Next-Gen Sequencing Used at Duke to Aid Difficult Diagnoses

Advanced high-speed gene-sequencing has been used in the clinical setting to find diagnoses for seven children out of a dozen who were experiencing developmental delays and congenital abnormalities for mysterious reasons. "I thought if we could obtain even a couple of relatively secure diagnoses out of the 12 patients, that would prove the value of deploying sequencing approaches systematically in patients with unknown but apparently genetic conditions," said David Goldstein, Ph.D., director of the Duke Center for Human Genome Variation and professor of molecular genetics and microbiology. "Few sequencing studies have approached the problem as we did, taking a very heterogeneous group of patients," Dr. Goldstein said. "Getting a likely diagnosis about half of the time is quite stunning and strongly motivates next-generation sequencing for all patients who fail to get a genetic diagnosis through traditional testing." The research team used next-generation sequencing, a new technology that can rapidly read a person's entire genome or just their exome, the sections of DNA that make the proteins, which direct physiological activities.
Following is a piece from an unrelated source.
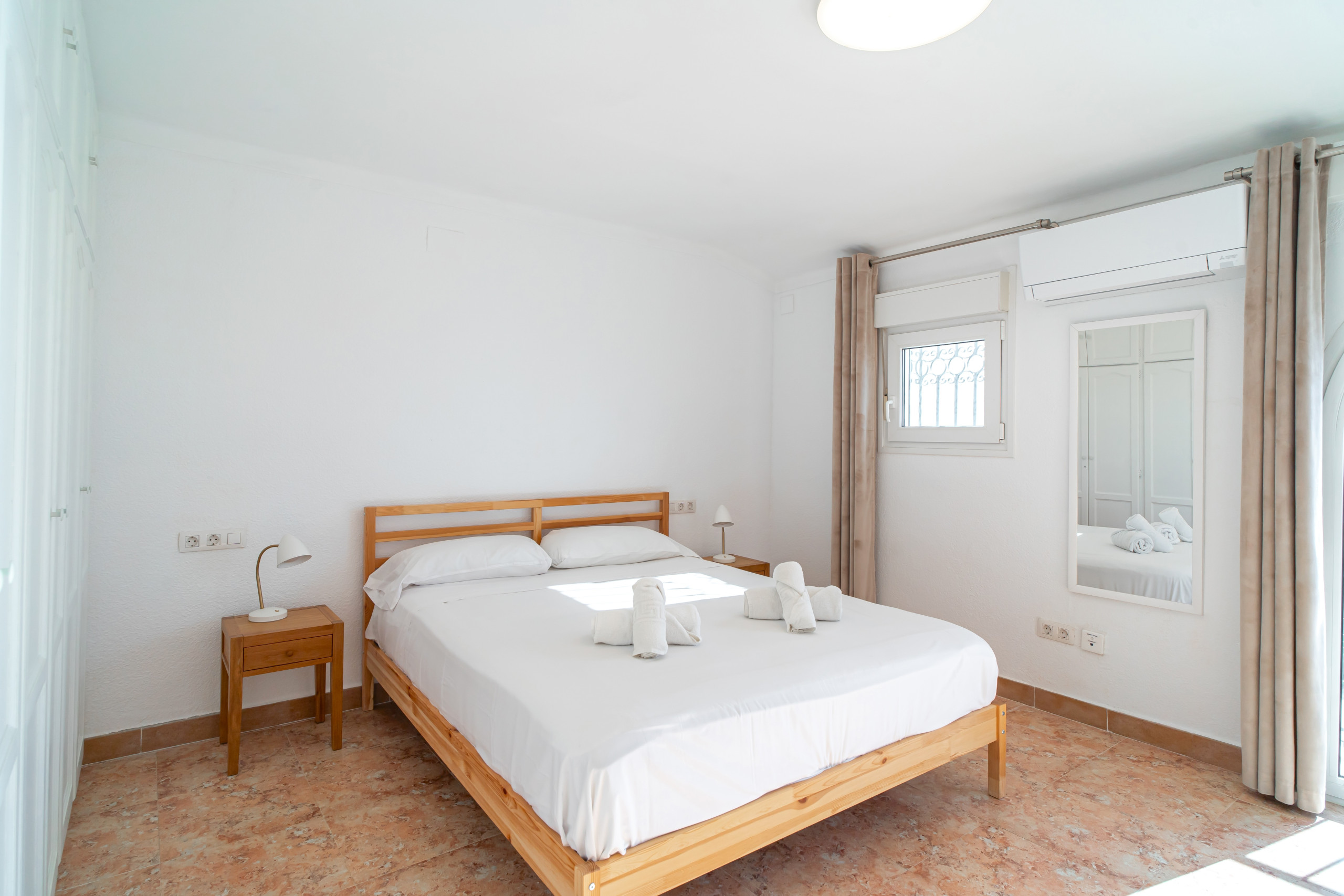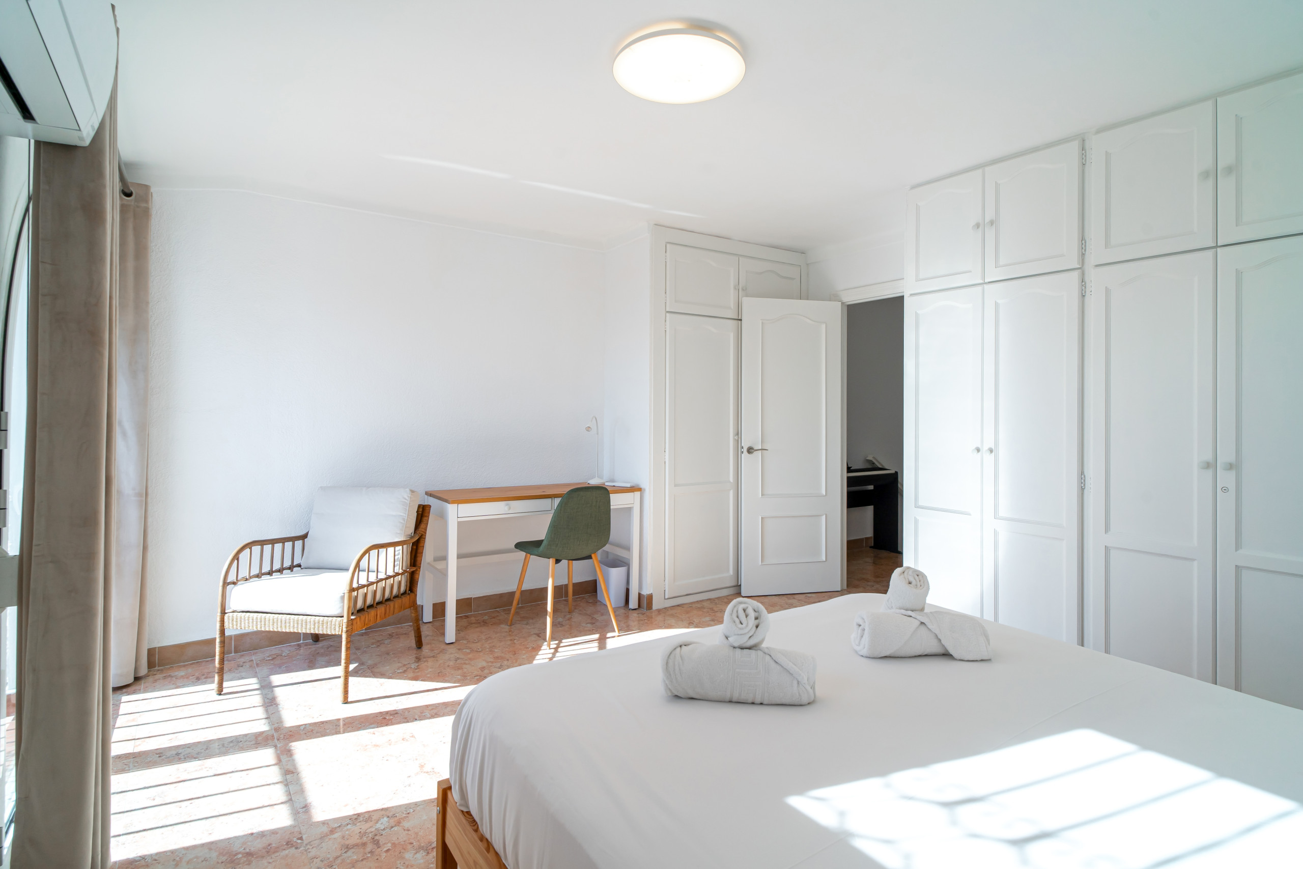 ✨ Hauptschlafzimmer mit Queensize-Bett (160x200), Einbauschrank, Schreibtisch und Meerblick.

The cost of such sequencing is becoming lower, making it feasible to do the study in a clinical setting. The work was published online on May 8, 2012 in the Journal of Medical Genetics. "There are up to 50,000 live births in America each year with the children having features of developmental delays, intellectual disabilities, or congenital abnormalities similar to those we studied," said Vandana Shashi, M.D., co-author and associate professor of pediatrics in the Duke Center for Human Genetics.